Daniela Aragão: É possível extrair de uma amador, que nunca subiu num palco? Eu me lembro de colegas que não seguiram carreira profissional de ator ou atriz aqui, no palco, com falas longas e bem articuladas.

Zé Luis: Agora, eu terminei um espetáculo chamado :“A era do malandro”,onde trabalhei com Bezerra, Noel. Três semanas de curso e terminei com um espetáculo de 50 minutos. Com gente que nunca tinha entrado mas ,que tinha muita vontade. Claro que você vai dando o espaço e, quando termina, eles ficam assustados. Eu trabalho com terceira idade desde 1973, quando era um curso de atualização da mulher. E trabalho com adolescente e universitário. Vai juntando tudo.Se bem que, acho que o adolescente e a terceira idade são iguais, ambos gostam de andar em grupo, gostam de comer muita coisa. Quando começo um trabalho, começo com música pois, é um elemento de integração. Então, agora, Vinícius de Moraes está sendo uma beleza,mas, pegar 353 músicas do homem para selecionar para um espetáculo de uma hora e traçar a trajetória de vida dele, não é mole. Eu fiz um espetáculo sobre Ari Barroso, sobre telefone, enfim, trabalho tematicamente. Com isso vamos fazendo a pesquisa da música. Ela é muito importante para mim.
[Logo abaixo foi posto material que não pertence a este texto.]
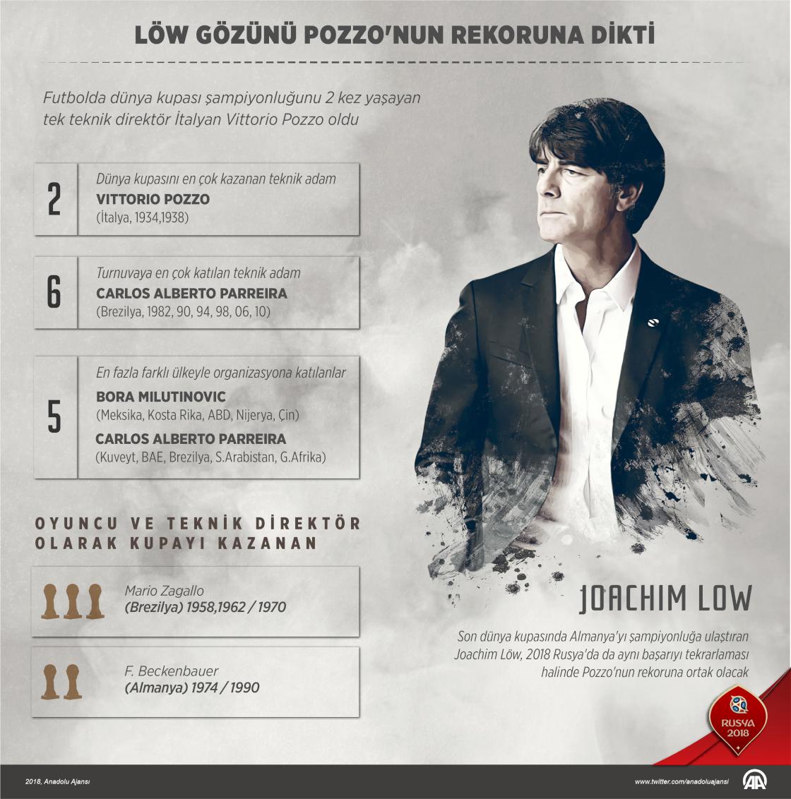 Futbolda Dünya Kupası şampiyonluğunu iki kez yaşayan tek teknik direktör İtalyan Vittorio Pozzo oldu. Pozzo'nun çalıştırdığı İtalya, 1934'te İtalya'da düzenlenen şampiyonada ve 1938'de Fransa'daki turnuvada üst üste iki kez şampiyonluğa ulaştı. Pozzo'dan sonra organizasyon tarihinde bu sevinci iki kez yaşayan başka bir teknik adam çıkmadı. Son Dünya Kupası'nda Almanya'yı şampiyonluğa ulaştıran Joachim Löw, 2018 Rusya'da da aynı başarıyı tekrarlaması halinde Pozzo'nun rekoruna ortak olacak. ( Kemal Delikmen - Anadolu Ajansı )13 Haziran 2018•Güncelleme: 13 Haziran 2018
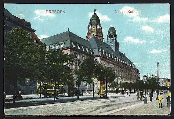 AK Dresden, Neues Rathaus mit Strassenbahn
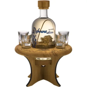 Podanie i oprawa dla najbardziej wymagających. Wódka Dębowa w zestawie ze stolikiem oraz 4 sygnowanymi nazwą firmy kieliszkami.
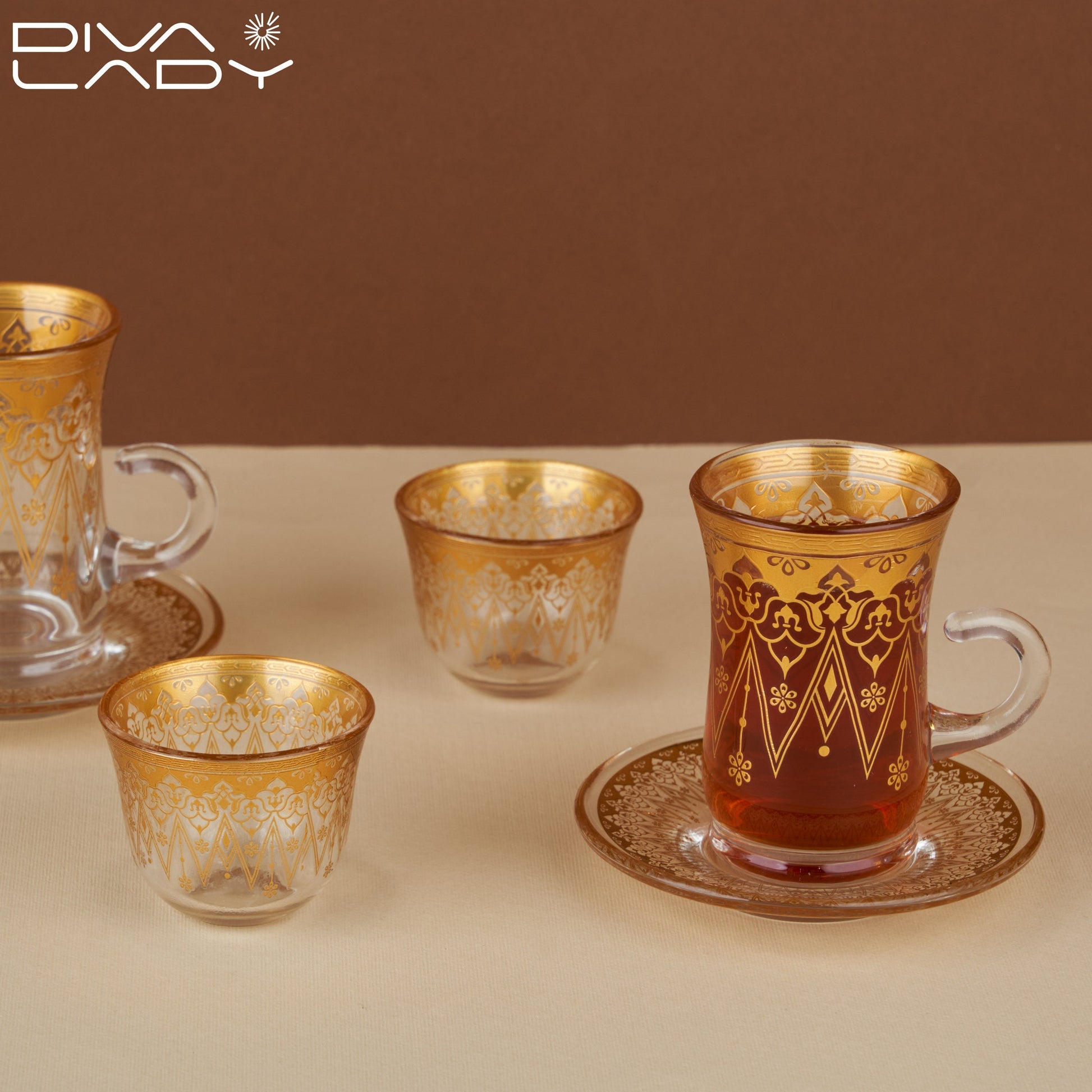 عدد 6 استكانات +6 فناجين قهوة عربية + 6 صحون

Daniela Aragão: E o Vinícius tem um percurso permeado de mudanças. O início religioso e metafísico, lá, com “Caminho para distância” e “Ode e Exegese”, até o lance mais carnal...

Zé Luis: Tem as músicas, as crônicas. O lance dele fazer a primeira comunhão, quando já tinha sido entronizado na maçonaria. Então, ele tem uma história. Depois ,vai trabalhar com Mãe Menininha do Gantois. Ele passa por tudo e eu ,quando jornalista, entrevistei o Vinícius. A matéria era: “O deve e o haver de Vinícius”, que é uma obra dele que foi perdida. A questão da música: já fui jurado em alguns festivais como o de Cataguases ,que revelou Maria Alcina. A coisa importante foi a ligação com esse pessoal. Quantas noites eu,Mauricio Tapajós e Sueli costa, íamos para o Largo do Cruzeiro. “Ponta de areia”, do Milton (Nascimmento), é o começo de “Girança”, a peça que fiz porque eu viajo. Uma das coisas que gosto é aquela canção: “Se eu quiser falar com Deus” apago a luz e escuto a música sentadinho no meu sofá.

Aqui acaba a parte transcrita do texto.